Thanks for the article, this must be so delicious! Prefer to use unsalted butter.


----------



## Fivej (Apr 4, 2016)

My first attempt was an epic fail. Turned into a rock. Will give it another shot and take it off the heat 5 degrees earlier. J


----------



## JWPalmer (May 1, 2017)

J, mine stayed a bit on the too soft side. Had to keep it refrigerated or it kinda melted. I need to bump up about the same 5°


----------



## Fivej (Apr 4, 2016)

Well JW, I told the truth, but not the whole truth. Actually, my first batch was too soft. It never did get anywhere near solid even after sitting in the garage for a night. But, I removed both batches when thermometer hit 275F. I used honey from 2 different jars and am now wondering if the composition of the honey may make a difference. J


----------



## mgolden (Oct 26, 2011)

One is supposed to temperature check the accuracy of candy thermometer used. There's some trial and adjusting temperature beyond that. Too soft so need to go to a higher temp, too hard and go to a lower temp.

Here's a link

https://www.thespruceeats.com/how-to-test-your-candy-thermometer-520314


----------



## Tim KS (May 9, 2014)

The 3-4 batches that we made were probably a bit softer than store bought caramel, but that's the way we like it. It doesn't stick to my teeth and makes it easier to chew. We added nearly a cup of black walnuts to our last batch too.....oh yumm!!!

Just talking about it makes me hungry for it again......time to crank out another batch or two. :thumbsup:


----------



## JWPalmer (May 1, 2017)

Tim KS said:


> ...time to crank out another batch or two.

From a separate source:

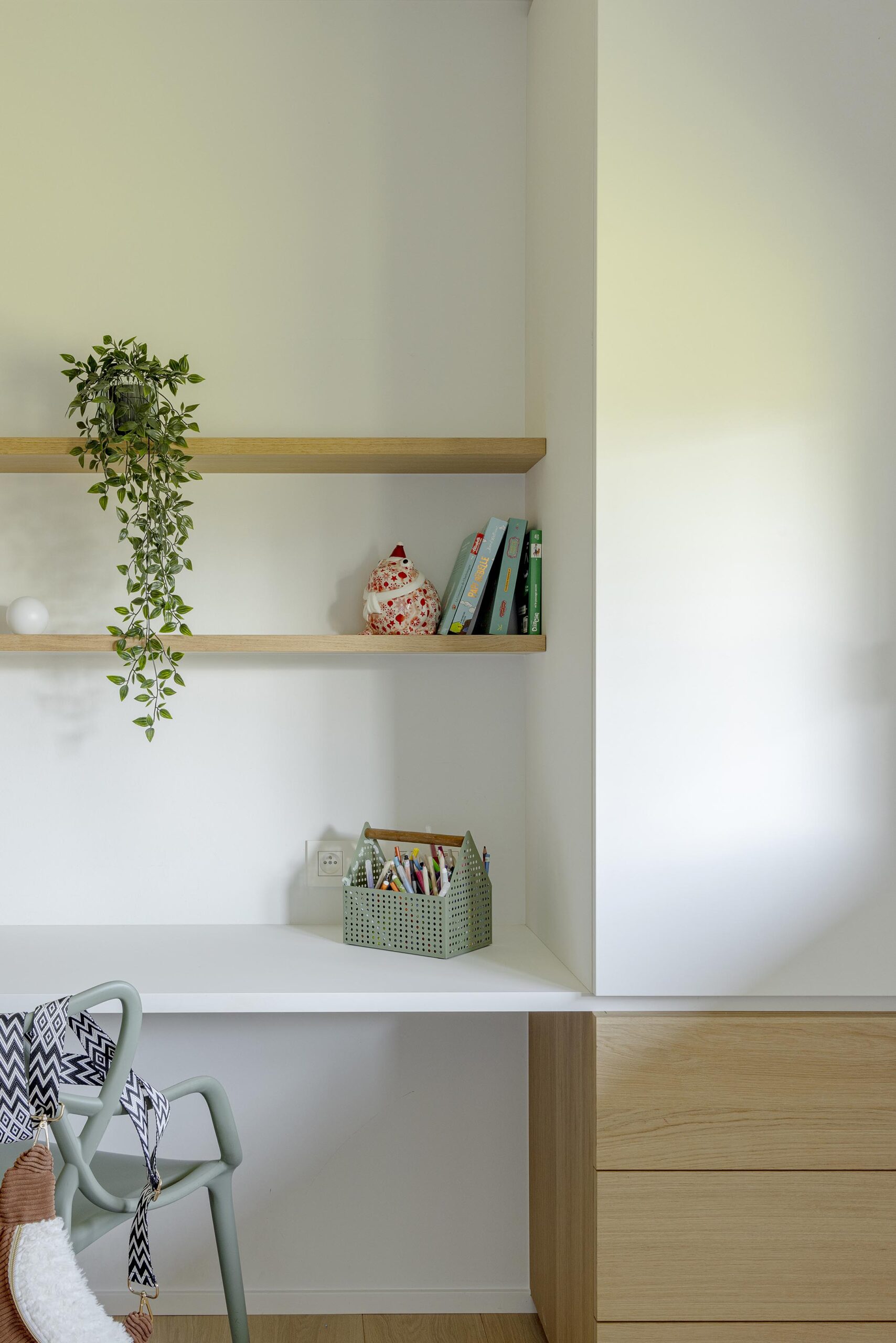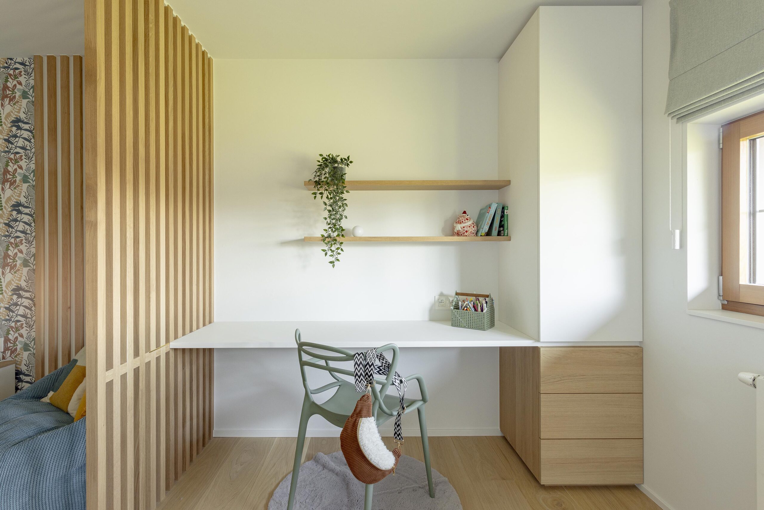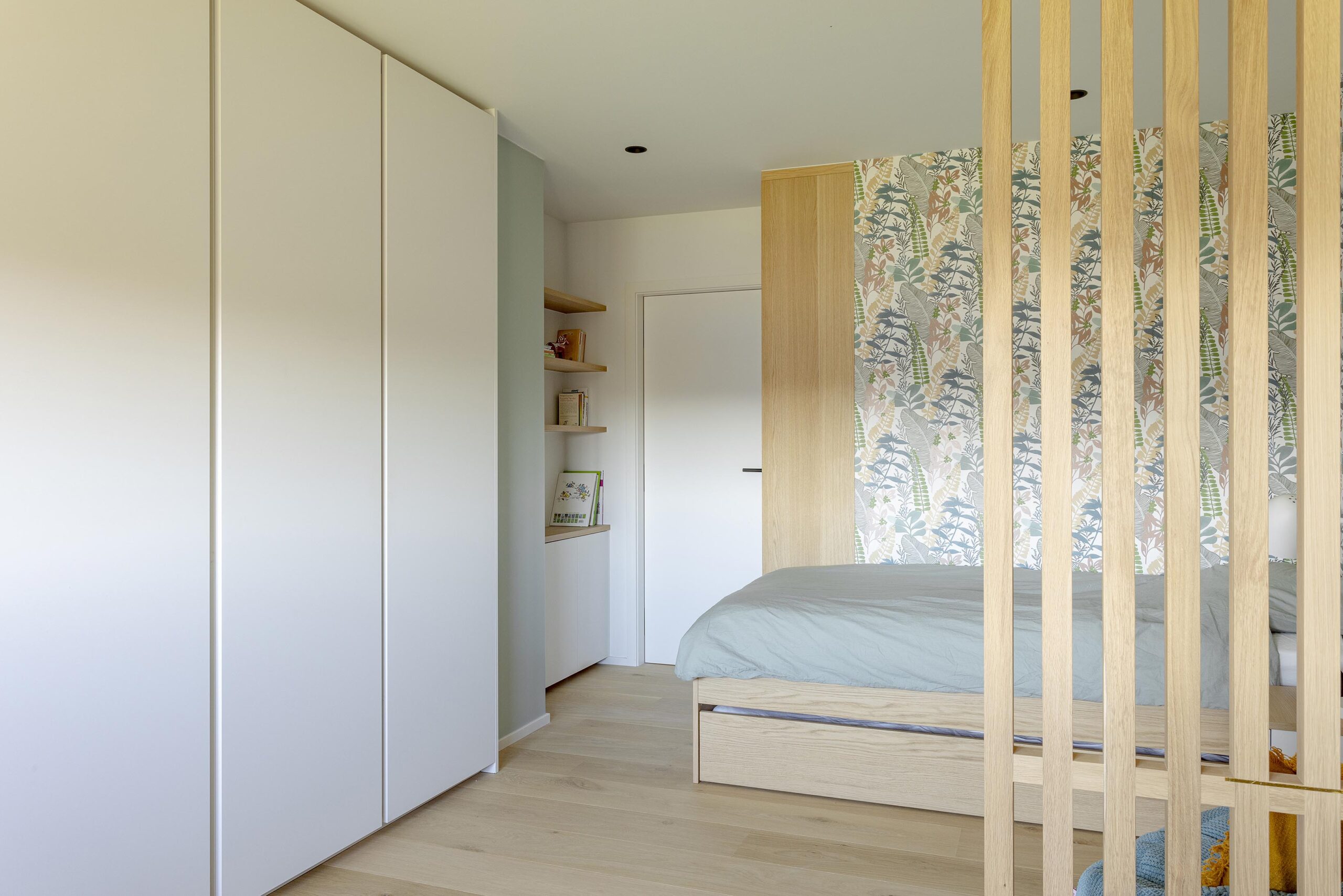 Pour structurer la pièce et distinguer clairement les différentes zones, un claustra en bois sépare l’espace nuit du coin bureau. Cette séparation apporte une sensation de sécurité et d’intimité tout en conservant une belle fluidité visuelle. D’un côté, un lit dans une ambiance cocooning ; de l’autre, un vaste bureau pensé pour encourager la créativité et la concentration. Un aménagement sur mesure qui répond parfaitement aux besoins d’un espace multifonctionnel.

I was thinking the same thing.


----------



## Fivej (Apr 4, 2016)

Success! I took mgolden's advice and checked my brand new thermometer. It was 30 degrees off (low)! It doesn't explain my too soft batch, but I used a different one and they came out perfect. Thanks for posting Kamon.


----------



## John Davis (Apr 29, 2014)

30 degrees low would make it turn out soft (undercooked)


----------



## Fivej (Apr 4, 2016)

No, I meant it was reading 30 degrees low meaning that I actually heated to 305 which makes it turn into a brick. J


----------



## Tim KS (May 9, 2014)

Okay, I did it. Made my first batch of 2020 Honey Carmel......with Black Walnuts.

MMMMMMMMM, good!


----------



## Denes (Mar 26, 2020)

cool, i want to try


----------



## hockeyfan_019 (Dec 1, 2019)

Too bad somebody can't figure out how to post something we can taste, not just view!


----------



## Beeautiful Stranger (Jan 10, 2021)

Tennessee's Bees LLC said:


> Hey everyone here is Laurel's honey caramel recipe. We primarily make it for friends and family around Christmas. They can be mixed with a host of things or warmed and dribbled over apple slices.
> 
> 
> 
> ...



Definitely trying this one!


----------



## Stephanie30 (Feb 3, 2021)

Liquid gold  I like it! Thanks a lot for sharing!


----------